La Guinea si è unita a numerosi paesi che cercano la restituzione del patrimonio culturale detenuto al di fuori dei propri confini dopo aver presentato una richiesta alla Francia per il rimpatrio del manoscritto personale del Corano di Almamy Samori Toure, uno dei leader più eminenti della resistenza contro l'espansione coloniale francese in Africa occidentale. Il manoscritto è conservato al Museo dell'Esercito di Parigi dopo essere stato sequestrato dalle forze francesi a seguito della cattura di Samori Toure nel 1898 e del suo esilio in Gabon, insieme ad altri oggetti a lui legati.

La richiesta guineana arriva in un contesto di spinta globale per recuperare documenti, manoscritti e libri rimossi dai loro paesi d'origine durante il periodo coloniale. La Nigeria ha richiesto la restituzione delle Bronzi di Benin, sottratti dalle forze britanniche durante la campagna militare del 1897 contro il Regno di Benin. La Francia ha inoltre restituito nel 2021 numerosi manufatti reali a Benin che erano stati rimossi durante l'era coloniale. Altri paesi, tra cui Etiopia e Indonesia, hanno presentato richieste per recuperare oggetti storici e documenti detenuti in istituzioni europee nell'ambito di una più ampia rivalutazione del rapporto tra musei e archivi occidentali e collezioni dell'epoca coloniale.

La richiesta della Guinea non si limita al manoscritto del Corano di Samori Toure, ma fa parte di un più ampio sforzo per recuperare il patrimonio scritto conservato in Francia. Conakry ha inoltre richiesto la restituzione di manoscritti e documenti relativi alla storia del paese, alcuni scritti in arabo o in scrittura araba, che le autorità considerano parte delle tradizioni scientifiche, religiose e letterarie fiorite in Africa occidentale prima del periodo coloniale.

La mossa è seguita a una visita del Ministro guineano della Cultura, del Turismo e dell'Artigianato Moussa Moussa Cissé al Museo dell'Esercito di Parigi lo scorso mese, dove una delegazione guineana ha potuto visionare il manoscritto conservato tra le collezioni dell'istituzione.
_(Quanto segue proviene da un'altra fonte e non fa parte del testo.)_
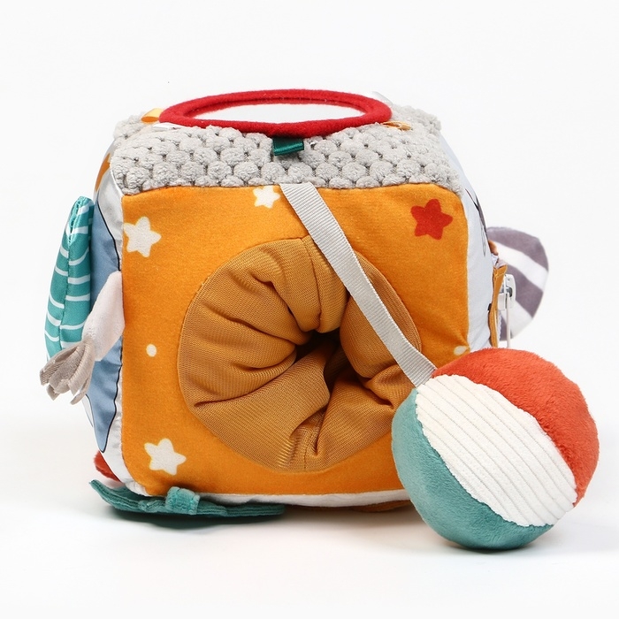 Игровой кубик выполнен из мягких материалов, что обеспечивает безопасность и комфорт новорожденных и детей до 3 мес.
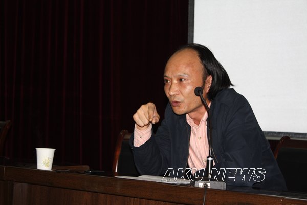 博士生导师段建军教授就“审美活动中的自我与他人”为题做交流讲座,从前苏联伟大的思想家巴赫金的哲学研究深入浅出地谈到了复调小说、小说审美的主体与客体到艺术审美与现实生活,与中文系师生展开对话,并就小说审美的学术问题进行了交流和探讨。
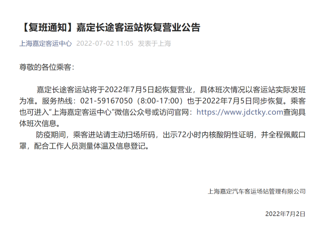 据嘉定客运中心今日发布:嘉定长途客运站将于2022年7月5日起恢复营业,具体班次情况以客运站实际发班为准。具体内容如下:
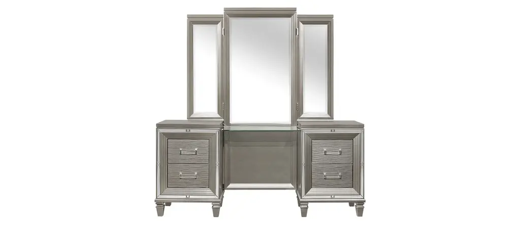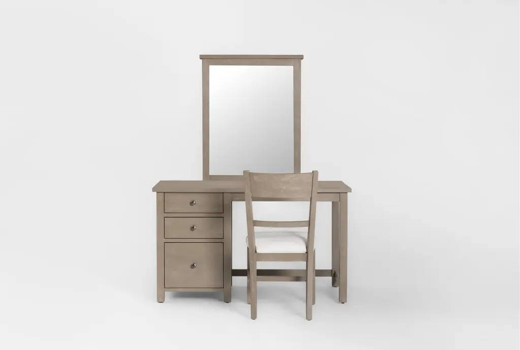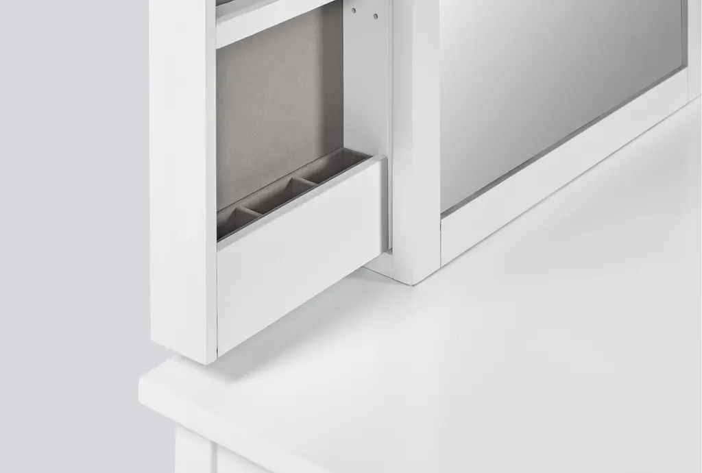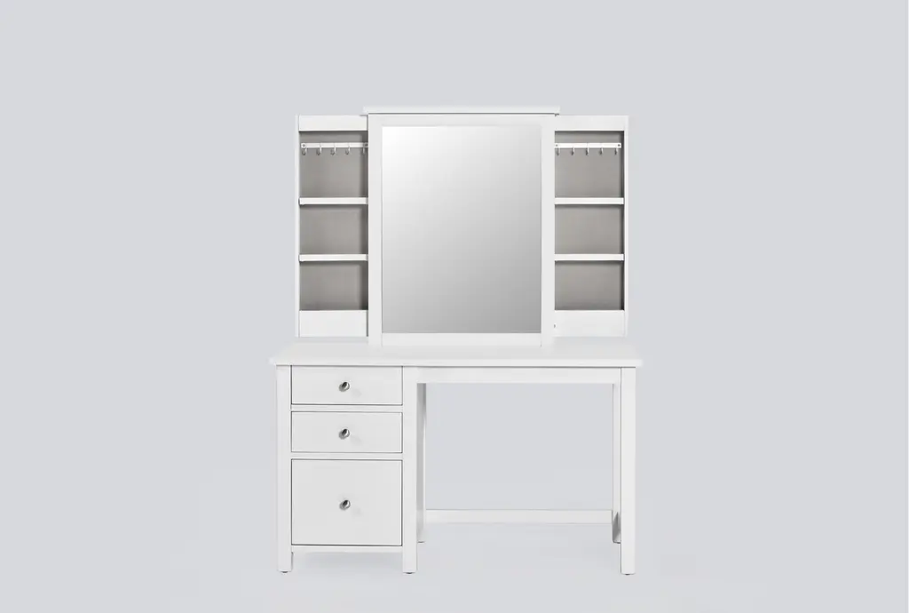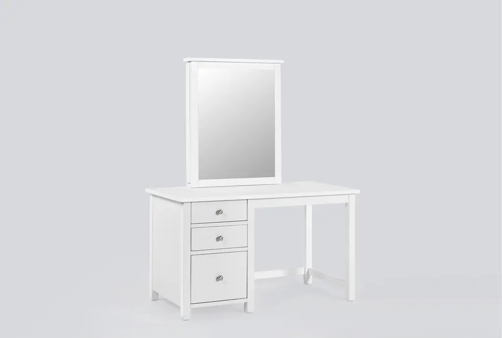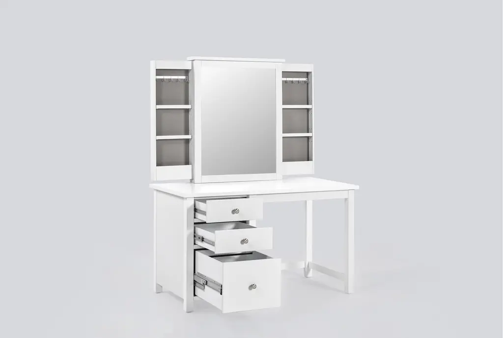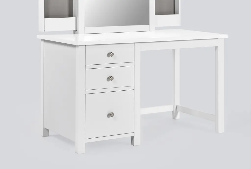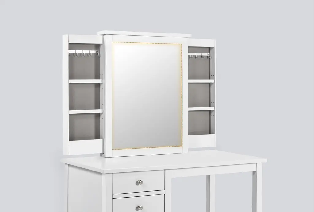 Felipe White Vanity Kids Desk And Mirror With Hidden Side Storage & Led Lights

Il manoscritto contiene annotazioni coraniche ed è rimasto in Francia per decenni insieme ad altri oggetti appartenuti a Samori Toure, tra cui il suo cappello, il ventaglio e la giacca militare.
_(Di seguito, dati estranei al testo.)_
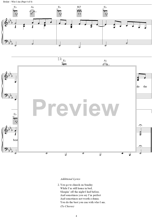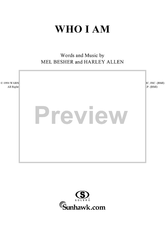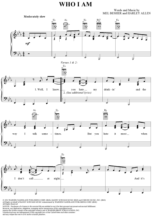 Digital Sheet Music for Who I Am by Harley Allen, Mel Besher, Al Jackson Jr scored for Piano/Vocal/Chords; id:203912
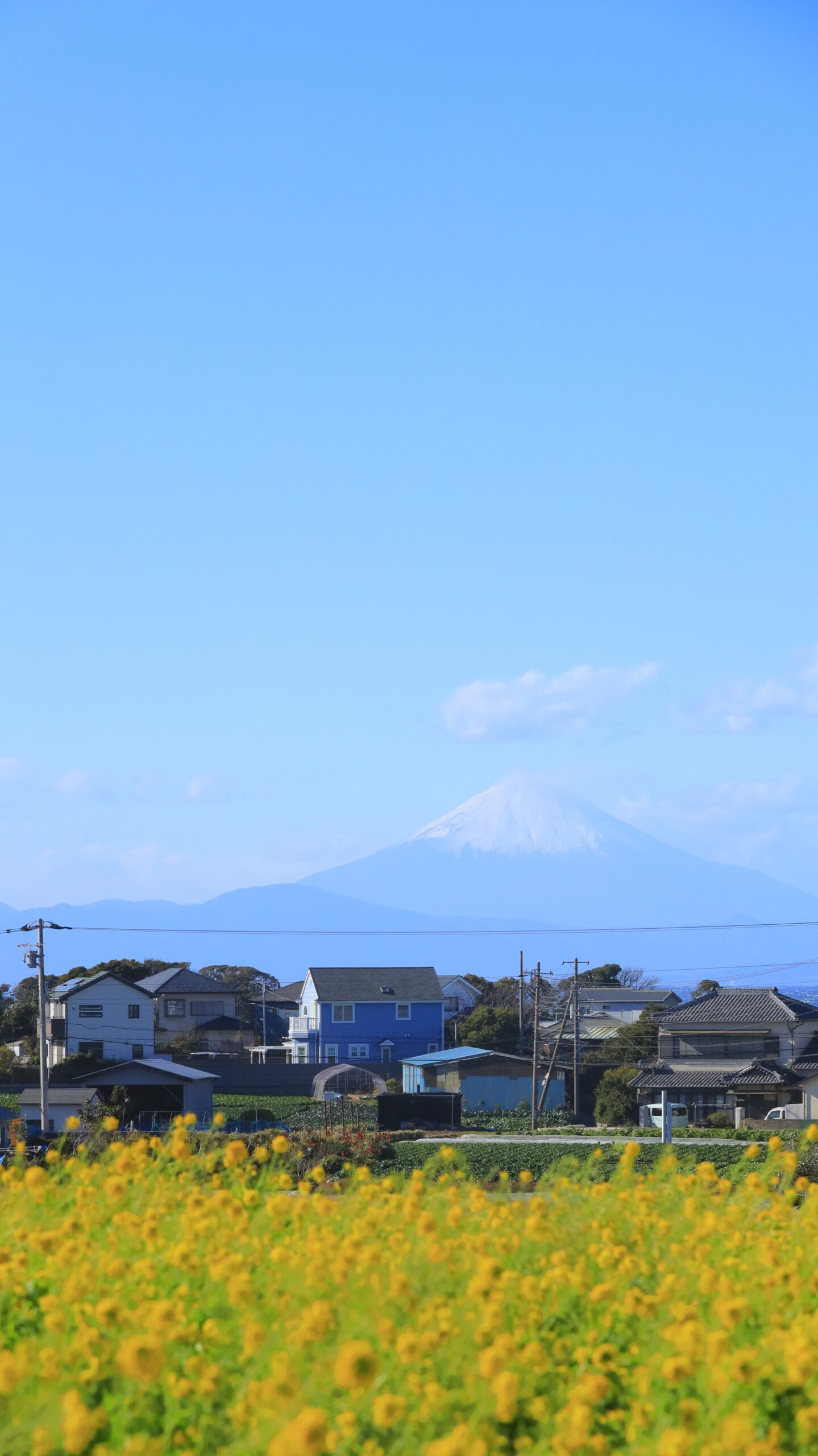 この写真は、ソレイユの丘で、うっすらと見える富士山と菜の花を一緒に撮影したものです。
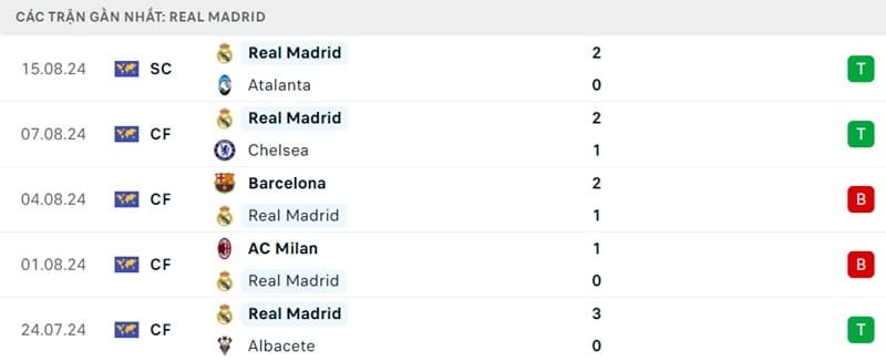 Không tính trận giao lưu nhẹ nhàng với Albaceste, thầy trò HLV Carlo Ancelotti chỉ đá 3 trận tại Mỹ vào hè này. Họ thua AC Milan, Barcelona trước khi hạ Chelsea. Sau đó, nhà ĐKVĐ Champions League dễ dàng vượt qua Atalanta.

La richiesta guineana evidenzia un particolare interesse per manoscritti e documenti storici, mirando non solo a oggetti simbolici associati a figure storiche, ma anche al recupero di libri e testi che rappresentano parte della storia della produzione di conoscenza della regione. Il processo di inventario della Guinea include documenti conservati in diverse istituzioni francesi, tra cui manoscritti religiosi, opere scritte in arabo o in scrittura araba e documenti legati a studiosi e figure storiche guineane.
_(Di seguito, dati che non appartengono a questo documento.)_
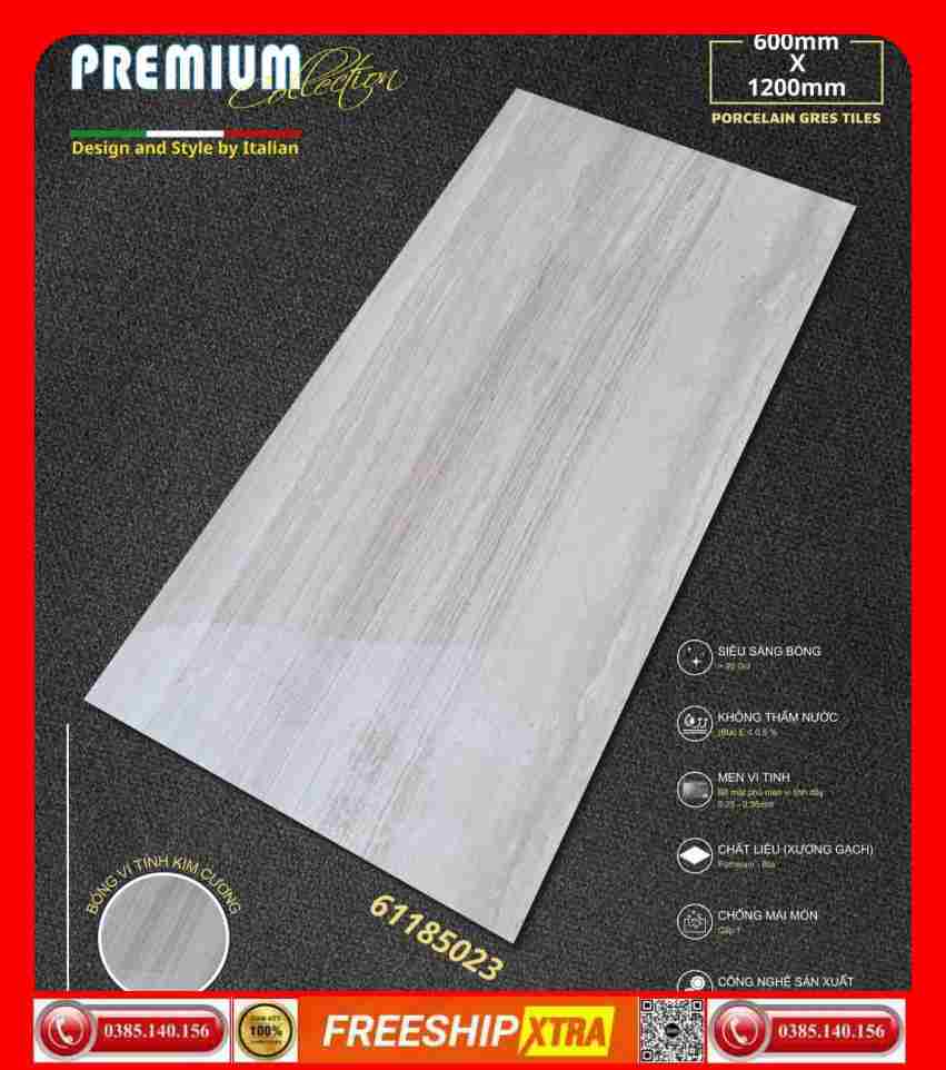 Gạch 60×120 Apodio 61185023 bóng kính sọc ngang màu xám

Conakry mira a raccogliere questi manoscritti nell'ambito di un progetto pianificato per un Museo dei Libri e degli Alfabeti, concepito per mostrare aspetti della storia della scrittura e della conoscenza del paese. L'iniziativa arriva in un contesto di discussioni in evoluzione in Francia sulla restituzione dei beni culturali, a seguito dell'adozione di nuove procedure che consentono la revisione delle richieste di rimpatrio.

Il caso del manoscritto del Corano di Samori Toure risale al 1968, quando il primo presidente della Guinea, Ahmed Sékou Touré, chiese alla Francia di restituire il Corano, la spada e gli abiti tradizionali del leader durante le celebrazioni per il decimo anniversario dell'indipendenza del paese. La richiesta attuale si estende oltre questi oggetti simbolici per includere il recupero di una parte più ampia del patrimonio scritto della Guinea, compresi manoscritti e documenti conservati nelle collezioni francesi.